For visible blood vessels and stubborn redness that don’t respond to topical treatments, light-based therapies offer a different approach. Pulsed dye lasers and intense pulsed light (IPL) devices target and shrink dilated blood vessels. Both reduce visible telangiectasia and diffuse redness, typically over a series of sessions. Pulsed dye laser tends to produce fewer side effects, while narrow-band IPL may achieve slightly greater reductions in redness. Results vary, and maintenance sessions are usually needed since new blood vessels can form over time.

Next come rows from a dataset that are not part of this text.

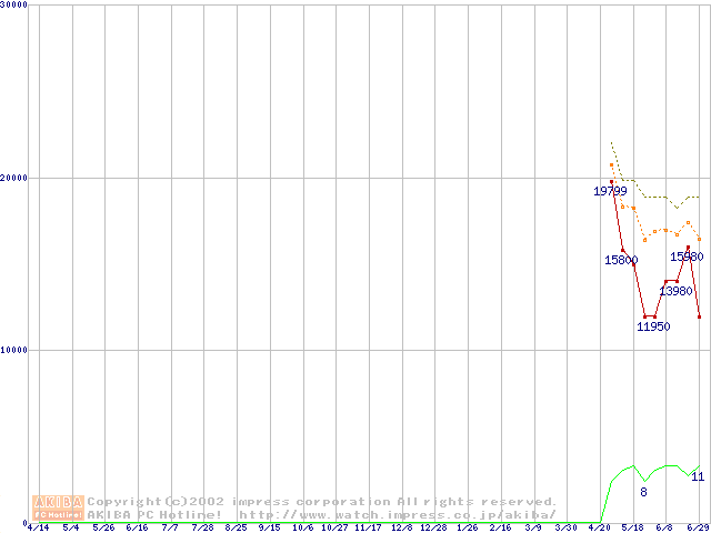 PC3000(DDR366) DDR SDRAM DIMMの最安値推移
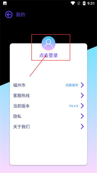 点击头像即可进入【我的】页面,该页面设有【点击登录】按钮,同时还能看到【福州市】-切换城市、【客服热线】等功能选项。
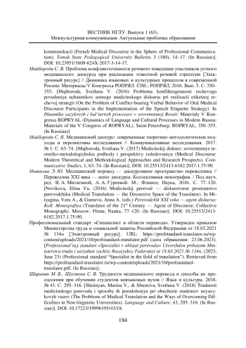 3. Корнеева Л. И., Куклина М. К. Специфичность процесса обучения медицинскому переводу // Вестник ПНИПУ. Проблемы языкознания и педагогики. 2022. № 4. С. 140-149. EDN: YANZPQ
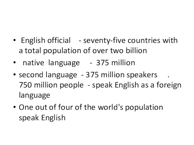 English official - seventy-five countries with a total population of over two billion native language - 375 million second language - 375 million speakers . 750 million
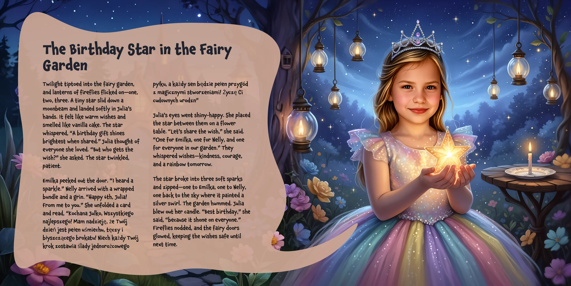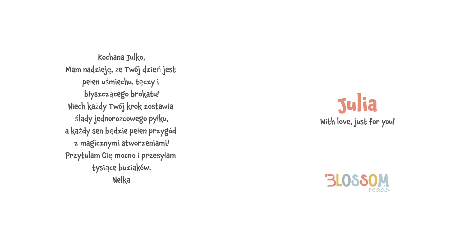 Welcome, Alicja! Here's a special preview of the story where Julia is the star. This unique book captures the magic of Julia's favorite things, and the little details you've shared.
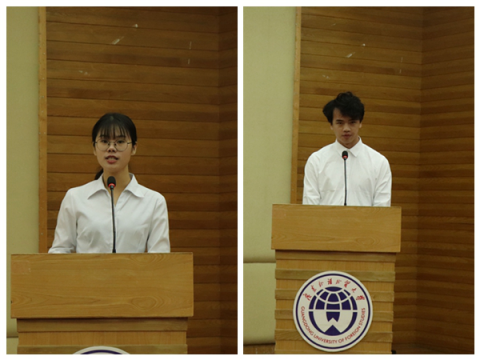 两段图文结合的视频分别带领观众回顾为期两周的下乡生活和分享调研队伍的走访过程,每到精彩和动情之处便掌声迭起。黔行队在汇报活动收获时围绕贵州文化传承和高新技术发展,回忆与松桃苗绣传承人石丽平的交流互动,指出校企合作与网络电商对苗绣传承的重要作用。践入佳晋先锋队代表就参观八路军文化馆并采访游客、举行座谈会分享心得,明确表示党员先锋模范对发展红色产业的重要支撑作用。
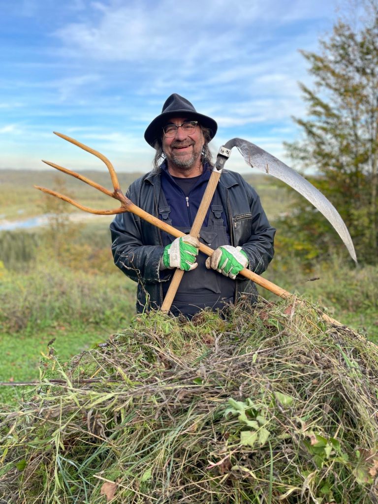 - Klimaneutralität: Keine industrielle Groß-Produktion von motorisierten Geräten wie Mäh – oder Aufsitz-Robotern sowie Traktoren, Balkenmähern oder Laubbläsern. Durch unseren Einsatz von erprobten, historischen Werkzeugen wie Laubrechen und Sensen, sparen wir Ressourcen.
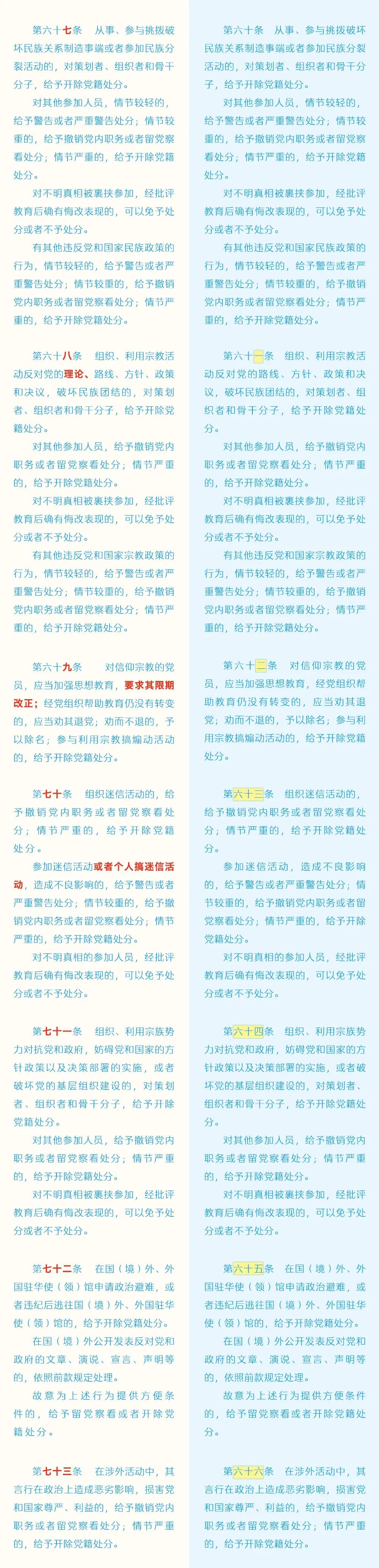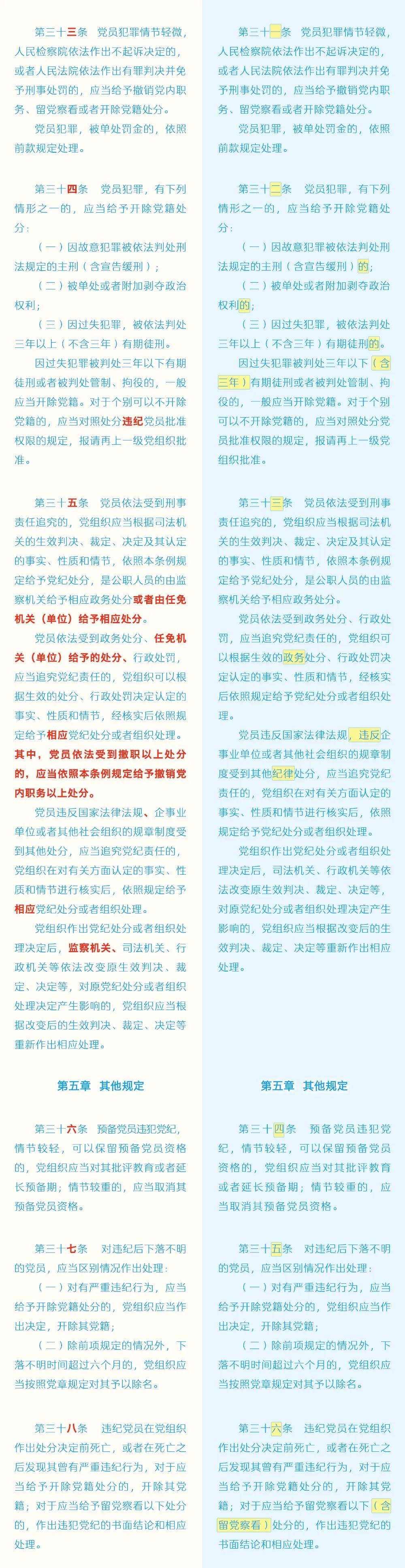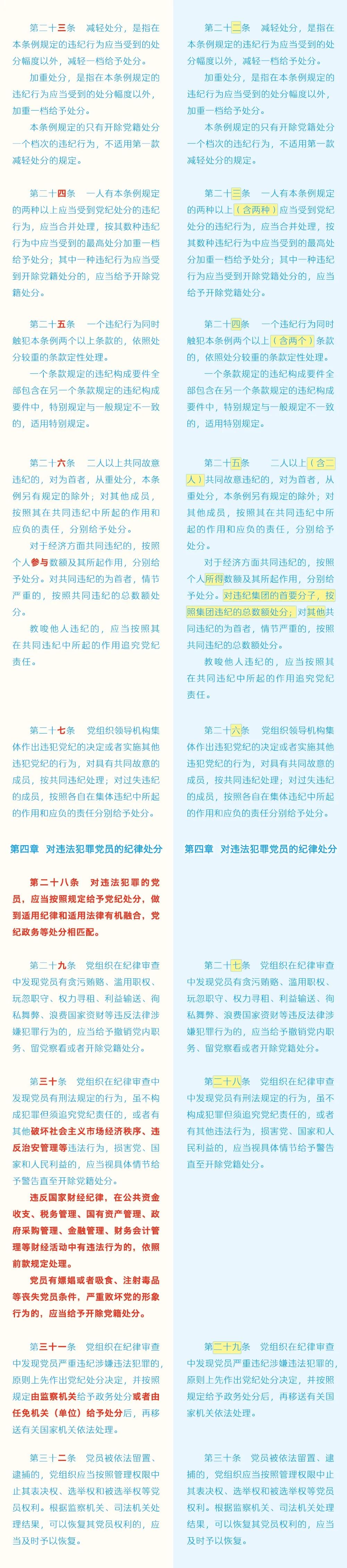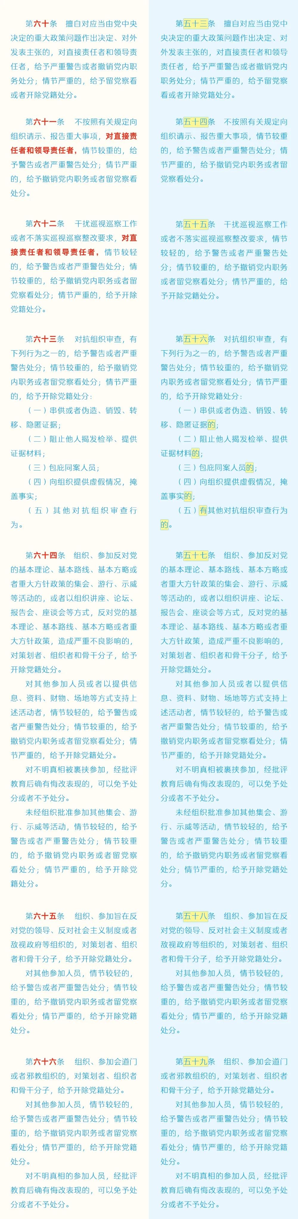 《中国共产党纪律处分条例》修订条文对照表
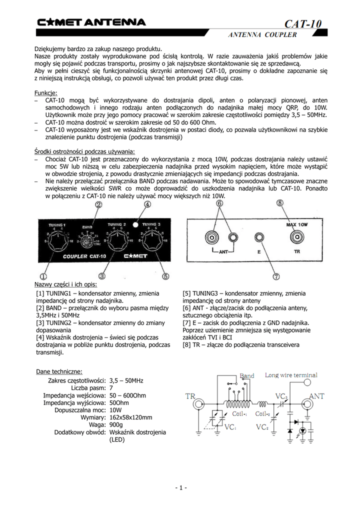 Dziękujemy bardzo za zakup naszego produktu. Nasze produkty zostały wyprodukowane pod ścisłą kontrolą. W razie zauważenia jakiś problemów jakie mogły się pojawić podczas transportu, prosimy o jak najszybsze skontaktowanie się ze sprzedawcą. Aby w pełni cieszyć się funkcjonalnością skrzynki antenowej CAT-10, prosimy o dokładne zapoznanie się z niniejszą instrukcją obsługi, co pozwoli używać ten produkt przez długi czas. Funkcje: – CAT-10 mogą być wykorzystywane do dostrajania dipoli, anten o polaryzacji pionowej, anten samochodowych i innego rodzaju anten podłączonych do nadajnika małej mocy QRP, do 10W. Użytkownik może przy jego pomocy pracować w szerokim zakresie częstotliwości pomiędzy 3,5 – 50MHz. – CAT-10 można dostroić w szerokim zakresie od 50 do 600 Ohm. – CAT-10 wyposażony jest we wskaźnik dostrojenia w postaci diody, co pozwala użytkownikowi na szybkie znalezienie punktu dostrojenia (podczas transmisji) Środki ostrożności podczas używania: – Chociaż CAT-10 jest przeznaczony do wykorzystania z mocą 10W, podczas dostrajania należy ustawić moc 5W lub niższą w celu zabezpieczenia nadajnika przed wysokim napięciem, które może wystąpić w obwodzie strojenia, z powodu drastycznie zmieniających się impedancji podczas dostrajania. – Nie należy przełączać przełącznika BAND podczas nadawania. Może to spowodować tymczasowe znaczne zwiększenie wielkości SWR co może doprowadzić do uszkodzenia nadajnika lub CAT-10. Ponadto w połączeniu z CAT-10 nie należy używać mocy większych niż 10W. Nazwy części i ich opis: [1] TUNING1 – kondensator zmienny, zmienia impedancję od strony nadajnika. [2] BAND – przełącznik do wyboru pasma między 3,5MHz i 50MHz [3] TUNING2 – kondensator zmienny do zmiany dopasowania [4] Wskaźnik dostrojenia – świeci się podczas dostrajania w pobliże punktu dostrojenia, podczas transmisji. Dane techniczne: Zakres częstotliwości: Liczba pasm: Impedancja wejściowa: Impedancja wyjściowa: Dopuszczalna moc: Wymiary: Waga: Dodatkowy obwód: [5] TUNING3 – kondensator zmienny, zmienia impedancję od strony anteny [6] ANT - złącze/zacisk do podłączenia anteny, sztucznego obciążenia itp. [7] E – zacisk do podłączenia z GND nadajnika. Poprzez uziemienie zmniejsza się występowanie zakłóceń TVI i BCI [8] TR – złącze do podłączenia transceivera 3,5 – 50MHz 7 50 – 600Ohm 50Ohm 10W 162x58x120mm 900g Wskaźnik dostrojenia (LED) -1- Podłączenie: Podłączeń CAT-10 do radiotelefonu lub do radiotelefonu i miernika SWR należy dokonać za pomocą kabla koncentrycznego 50Ohm 3D2V, 5D2V lub innego. Jeśli antena jest typu LONG WIRE, należy ją podłączyć za pomocą zacisku ANT. Uziemienie należy podłączyć do zacisku E. Procedura strojenia: Aby korzystać z CAT-10 wyłącznie do odbioru należy ustawić odpowiedni zakres za pomocą przełącznika BAND oraz pokrętła TUNING1/2/3 tak, aby S-meter w odbiorniku miał maksymalne wskazanie, lub żeby odsłuch był najlepszy. Do wstępnego dostrojenia użyj tabeli znajdującej się niżej. Aby skorzystać z CAT-10 do transmisji, działaj z procedurami poniżej: 1. Obniż moc nadajnika do 5W lub mniejszej. 2. Ustaw pasmo przy pomocy przełącznika BAND oraz ustaw pokrętła TUNING1/2/3 na wartości według poniższej tabeli: Częstotliwość (MHz) BAND TUNING1 TUNING2 TUNING3 3,5 3MHz 3,5 0,3 8,5 3,8 3MHz 2,0 0,6 7,0 7 7MHz 4,2 0,5 9,0 10 14MHz 0,5 4,1 6,0 14 14MHz 3,8 1,3 3,2 18 14MHz 4,0 1,0 1,5 21 28MHz 4,7 2,0 3,0 24 28MHz 4,6 1,8 1,5 28 28MHz 5,4 1,1 1,6 0,9 1,3 50 50MHz 7,0 Uwaga: Dane powyższe odnoszą się do obciążenia o impedancji 50Ohm 3. Ustaw moc, która będzie powodowała wychylanie się wskazówki podłączonego miernika SWR podczas transmisji CW, AM lub FM. 4. Obracaj pokrętło TUNING1 aż do uzyskania najmniejszego wychylenia wskazówki SWR metra. Aby skorzystać ze wskaźnika dostrojenia LED, należy ustawić pokrętło w miejscu, gdzie wskaźnik dostrojenia będzie świecił najjaśniej. 5. Następnie obracaj pokrętło TUNING2 tak, żeby SWR metr wskazywał wartość niższą od wartości uzyskanej podczas wykonywania czynności z punktu 4. 6. Powyższą czynność należy powtórzyć przy pomocą pokrętła TUNING3 w celu dalszego zmniejszenia wartości SWR. 7. Powtarzaj czynności z punktów 4-6 aż do uzyskania najniższej wartości SWR. 8. Jeśli nie można uzyskać niskiego SWR, przerwij transmisję, przełącz przełącznik BAND o stopień niżej i powtórz czynności dostrajania od punktu 3. 9. Włączenie maksymalnej mocy 10W jest możliwe dopiero po uzyskaniu niskiej wartości SWR. Comet Co., LTD 4-18-2 Tsuji, Minami-ku, Saitama City, Saitama 336-0026 eNka s.c. - [email protected] www.comet-ant.pl Wygląd produktu i dane techniczne mogą ulec zmianie bez powiadomienia w celu polepszenia jego właściwości -2-

Skincare That Supports Rosacea Skin
Rosacea skin has a compromised barrier, which means it loses moisture faster and lets irritants in more easily. Rebuilding that barrier is a practical foundation for managing the condition. Look for moisturizers containing ceramides, which are the building blocks of a healthy skin barrier, along with hydrators like glycerin. Centella asiatica extract is another ingredient commonly found in products designed for reactive skin, as it supports barrier repair and calms redness.
What you leave out matters as much as what you put on. Avoid products that cause flushing, disrupt the skin barrier, or trigger burning and stinging. In practice, that means skipping harsh exfoliants, alcohol-based toners, fragrance-heavy products, and strong retinoids unless specifically recommended by a dermatologist familiar with your skin. The National Rosacea Society maintains a Seal of Acceptance program that screens products against these criteria, which can simplify the process of finding safe options. Gentle cleansing, consistent moisturizing, and daily broad-spectrum sunscreen form the practical backbone of a rosacea skincare routine.